The improvement in relations between the two powers cannot mask old commercial tensions. Better communication is important precisely because the structural problem between China and the US is likely insoluble.

Tensions between America and China were so high a year ago that Janet Yellen couldn’t get permission to go there. Now the US Treasury Secretary is a social media hit in China.

Yellen’s two trips – the most recent last week, when she received the red carpet treatment – produced no upsets in Beijing: America and Europe continue to suffer from the dumping of goods from China.

Janet Yellen and Bank of China Governor Pan Gongsheng in Beijing last week. She is unlikely to get anywhere with Chinese dumping. SHOVEL

On Wednesday, US President Joe Biden said he would triple tariffs on Chinese steel imports – a pure electoral gimmick, as they cover just 0.6% of total US steel demand. However, much of the threat has disappeared from the world’s most dangerous relationship.

Part of this stems from China’s interaction with an employee who reminds many of their favorite grandmother. “There is a personal element to this,” says Yellen. “It involves respect and listening to the other side.”

In the current US climate, even speaking to China in a civilized manner puts you under suspicion. This is true even if you are “pleasantly disagreeing,” as Yellen does. This is also how Biden’s national security adviser, Jake Sullivan, interacts with Wang Yi, China’s foreign minister.

These seemingly unproductive dialogues have, however, led to a gradual thaw in the US-China cold war. It’s the nature of the media to only notice when things go wrong. Biden’s speech about “controlled competition” is neither detente nor war. However, when tensions between the US and China rise again, as they undoubtedly will, this gardening will help.

Yellen is unlikely to get anywhere on Chinese dumping. This is despite the EU and others sharing the US’s concern that its automotive and renewable energy sectors could be disastrously hit by heavily subsidized Chinese rivals.

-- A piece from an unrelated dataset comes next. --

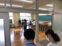 玄関ピロティでは、本校ボランティア部が受付係を担当し、吹奏楽部が屋上からの演奏で中学生を歓迎しました。教室では副校長によるリモートでの歓迎のあいさつの後、学校紹介動画の上映、質問への回答がおこなわれました。教室での説明の後、多くの中学生が部活動見学に参加しました。

China’s overcapacity problem is likely to worsen. Elon Musk, whose Tesla is going through a rough patch, recently abandoned plans to launch an EV priced at a reduced price of $27,000. It would still have been almost triple the price of BYD’s Chinese competitors.

Yellen lodged such complaints with her counterpart, He Lifeng, to no avail. But from a global perspective, China’s actions appear less egregious. America is also subsidizing its electric vehicle and clean energy sectors. Biden’s misnamed Inflation Reduction Act is a Chinese solution to the same problem.

US and Chinese working groups

China’s flooding of global markets with cheap renewables — batteries, solar panels and wind turbines — is great for emissions but bad for U.S. manufacturing jobs. Yellen says more punitive tariffs will result if China refuses to change its behavior. Either way, humanity as a whole is benefiting from this particular run on subsidies.

In some areas, they are even working together. When Donald Trump took office, he discarded the US-China strategic and economic dialogue that was established by George W Bush and expanded under Barack Obama. In all but name, Yellen has resurrected the economic half of it.

Yellen and He created bilateral working groups on illicit money, global financial stability and green finance.

The first of these includes fentanyl, which is killing hundreds of thousands of Americans and comes mainly from China. Mike Gallagher, chairman of the hawkish House Committee on the Chinese Communist Party, said this week that the CCP “wants more Americans dead.”

This is caricatural. In practice, Yellen says China is finally taking steps to contain the problem. “They are cooperating now on fentanyl,” she says.

The two militaries are also talking again – a security measure against the risk of lethal miscalculation in relation to Taiwan. On Tuesday, Lloyd Austin, the US Secretary of Defense, spoke for the first time with his counterpart, Dong Jun.

These routines are important precisely because the structural problem between China and the US is probably insoluble.

Even if it were not the most powerful autocracy and democracy in the world, respectively, a rising China would be destined to come into conflict with the world leader. Sullivan’s “small yard, high fence” for Chinese semiconductors and AI continues to expand into a medium-sized yard with a taller fence.

That could lead to the economic decoupling that Biden officials swear is not America’s goal.

Analysis by Edward Luce of the Financial Times.